Making this simple change will avoid getting liquidated if futures contracts monetarily decouple from its index. The big issue is that not every exchange offers this possibility.

Staking and liquidity mining may offer a better yield

Buying altcoins using futures does not allow one to use them for staking or lending. For investors willing to carry a position for a longer-term, this is another factor to consider.

There are numerous platforms offering staking and lending services, including the top centralized exchanges. Some of the altcoins offering 30-day contract annual percentage yields (APY) that can range from 7% to 18% are Polkadot (DOT), Tron (TRX), Cosmos (ATOM), and Cardano (ADA).

Decentralized (DeFi) mining pools are another way to generate income by holding altcoins. Users should beware of this sector’s inherent risks, especially those pools with impairment loss occurring between two different cryptocurrencies.

Current DeFi yield returns. Source: CoinMarketCap

Thus, by opting for perpetual futures, one will not be able to partake in staking and yield farming. It might not impact the decision for those betting on short-term price swings, but it weighs more as the weeks go by.

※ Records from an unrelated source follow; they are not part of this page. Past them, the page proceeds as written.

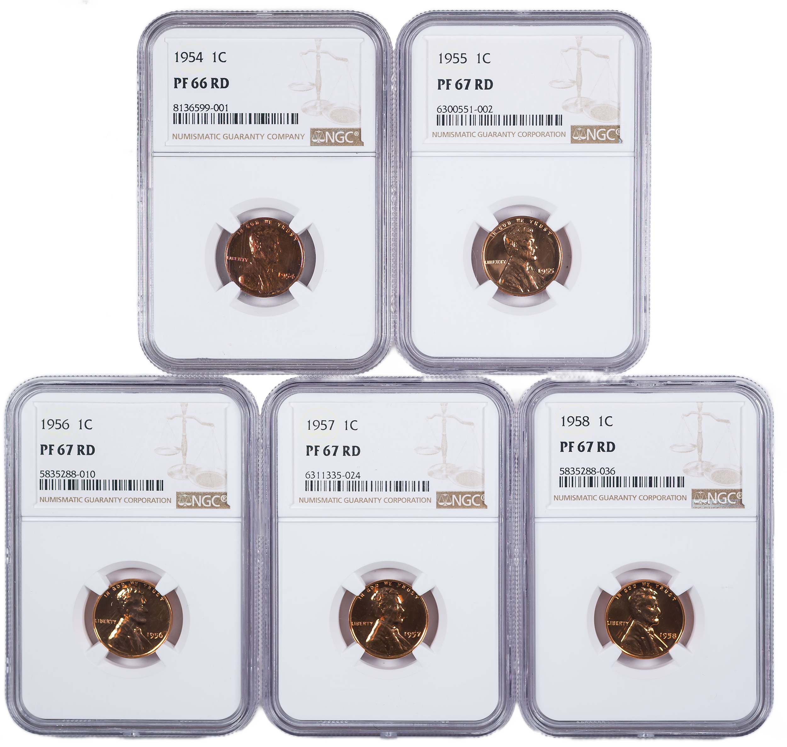 NGC Proof-67 Red 1950's Proof Lincoln Quintet
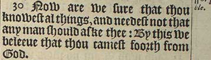 30 Now are we sure that thou knowest al things, and needest not that any man should aske thee: By this we beleeue that thou camest foorth from God.
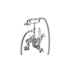 Consists of 1 x Angled bath shower mixer (Including the standard cradle, āSā adjuster, Claremont, Anglesey & Birkenhead divertor handle, hose, ceramic telephone handset , excluding tap heads, base and unions) (T9), 1 x Wall mounting unions (for Bath Shower Mixer & Bath Filler, 3/4) (T17-2), 1 x Claremont tap handles (pair) ā chrome & medici (T1 MED), 1 x Medici shower handset (ME11-1) and 1 x Medici diverter handle of BSM (ME10)
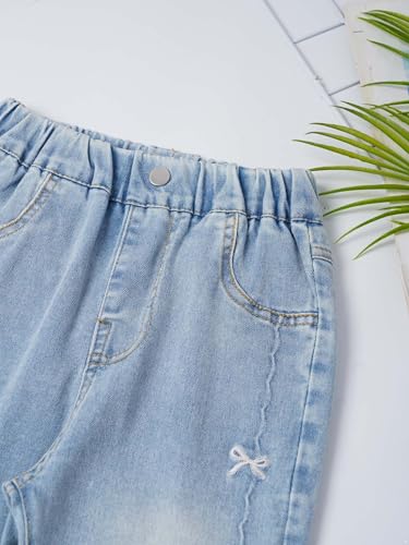 Kids Girls Flare Jeans Bowknot Embroidery Print Denim Pants with Pockets Casual Denim Trousers Streetwear 6
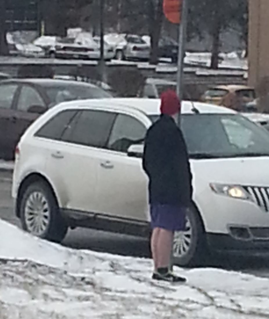 Mind you it was a balmy 5 degrees out by this time. I don’t know if this was an attempt to feel warm by dressing for summer or what.

Beware of fluctuating funding rates

Perpetual contracts, also known as inverse swaps, have an embedded rate that usually charged every eight hours. Funding rates ensure there are no exchange risk imbalances. Even though both buyers and sellers open interest is matched at all times, leverage can vary.

When buyers (longs) are the ones demanding more leverage, the funding rate goes positive. Therefore, those buyers will be the ones paying up the fees. This issue holds especially true under bull run periods, when usually there’s more demand for longs.

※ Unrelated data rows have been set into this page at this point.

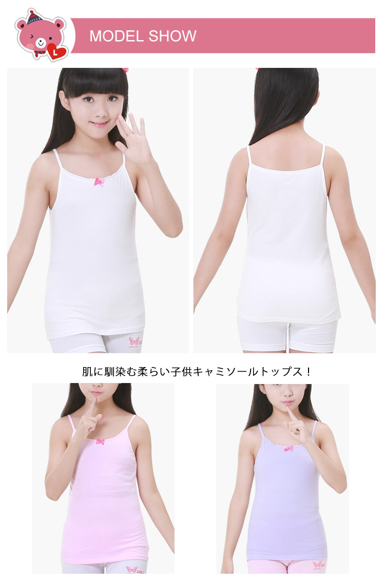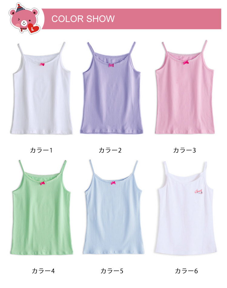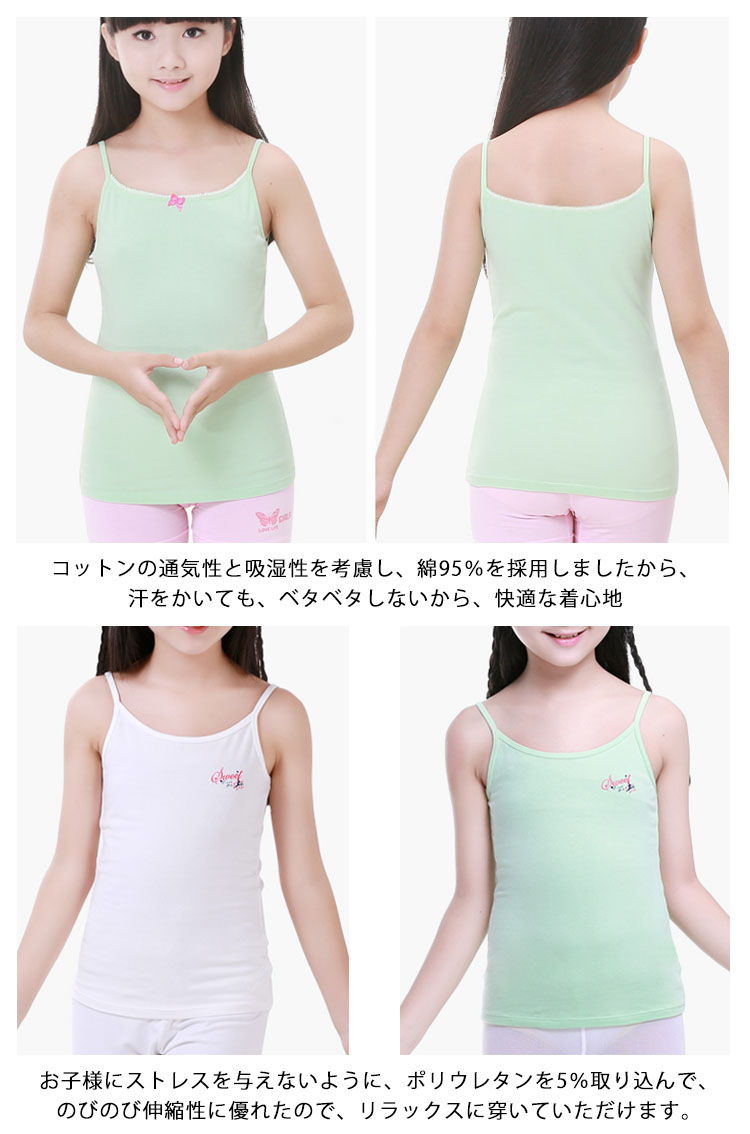 | 肌に馴染む柔らい子供キャミソールトップス!コットンの通気性と吸湿性を考慮し、綿95%を採用しましたから、汗をかいても、ベタベタしないから、快適な着心地お子様にストレスを与えないように、ポリウレタンを5%取り込んで、のびのび伸縮性に優れたので、リラックスに穿いていただけます。今なら嬉しい3タイプをご用意しましたのでデザイン違いのを揃えたくなる女の子キャミソールトップスです。 | |
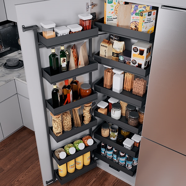 Revolutionerende løsning til højskabet i køkkenet. Når skabet åbnes, sikrer et udtrækssystem, at kurvene automatisk kommer med ud, så der er optimalt overblik og nem adgang til indholdet i skabet. Kan anvendes både ved højre- og venstrehængslede låger.
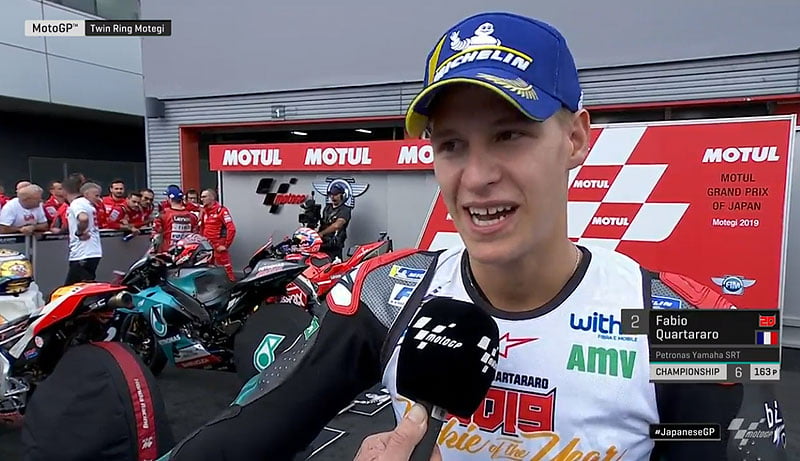 A peine descendu de sa Yamaha M1 du team satellite Petronas Yamaha SRT après avoir obtenu la 2e place du Grand Prix du Japon après avoir donné son maximum sans la moindre erreur, Fabio Quartararo s’est confié devant la caméra du site MotoGP.com avec la joie d’avoir atteint son objectif de début d’année, le titre de Rookie of the Year...
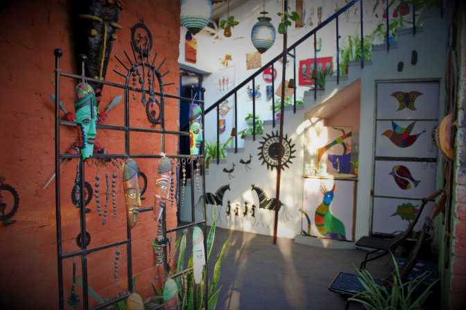 I have my first lassi. Amazing! We visit Kalaneri Art Gallery, and meet Lina’s friend, Somya. It is a nice place, going way beyond of only paintings. They work with many different types of art. And the place is gorgeous! Here, I also meet a photographer friend of Lina, Anshul.
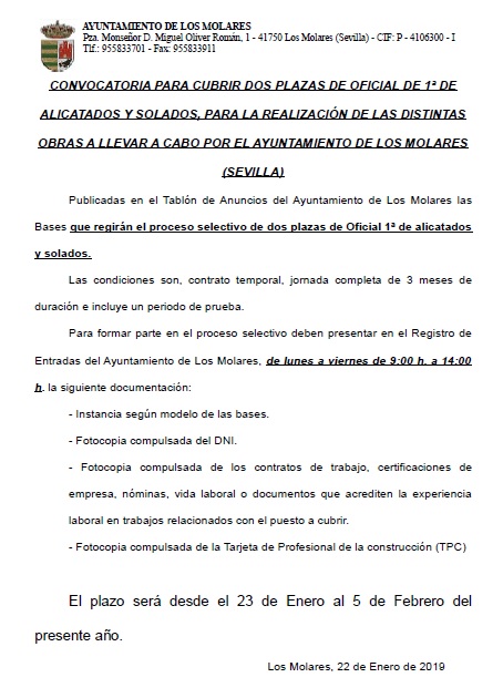 Imagen Ubicación Categoría noticia Formacion y Empleo Mostrar en el carrusel de la sección No Fecha Mar, 22/01/2019 - 11:51 Más información http://www.losmolares.es/es/actualidad/noticias/CONVOCATORIA-PARA-CUBRIR-DOS-PL…

BitMEX ETH/USD perpetual contract funding rate. Source: Digital Assets Data

The above chart shows the late July bull run and it is clear to see that as Ether (ETH) hiked from $230 to $380, so did its perpetual funding rate. After averaging 1.8% for three weeks, this negatively impacted buyers’ gains.

Again, it might not be harmful for those carrying short-term positions, but it adds up over the months.

To avoid this shortcoming, one might opt for margin trading instead of futures contracts. Borrowing will usually cost between 0.5 and 1.4% per month, while maximum leverage ranges from 3x to 10x.

Similar to the perpetual futures, investors also need to deposit margin to access such markets.

It is worth noting that some exchanges will let users manually pick rates and set periods for borrowing. This method is far superior as it avoids surprises that will naturally occur during heavy buying activity.

While perpetual futures trading is an excellent tool, it comes with shortcomings. Among those, stronger wicks running stop losses, the inability to stake, and the variable funding rate.

The views and opinions expressed here are solely those of the author and do not necessarily reflect the views of Cointelegraph. Every investment and trading move involves risk. You should conduct your own research when making a decision.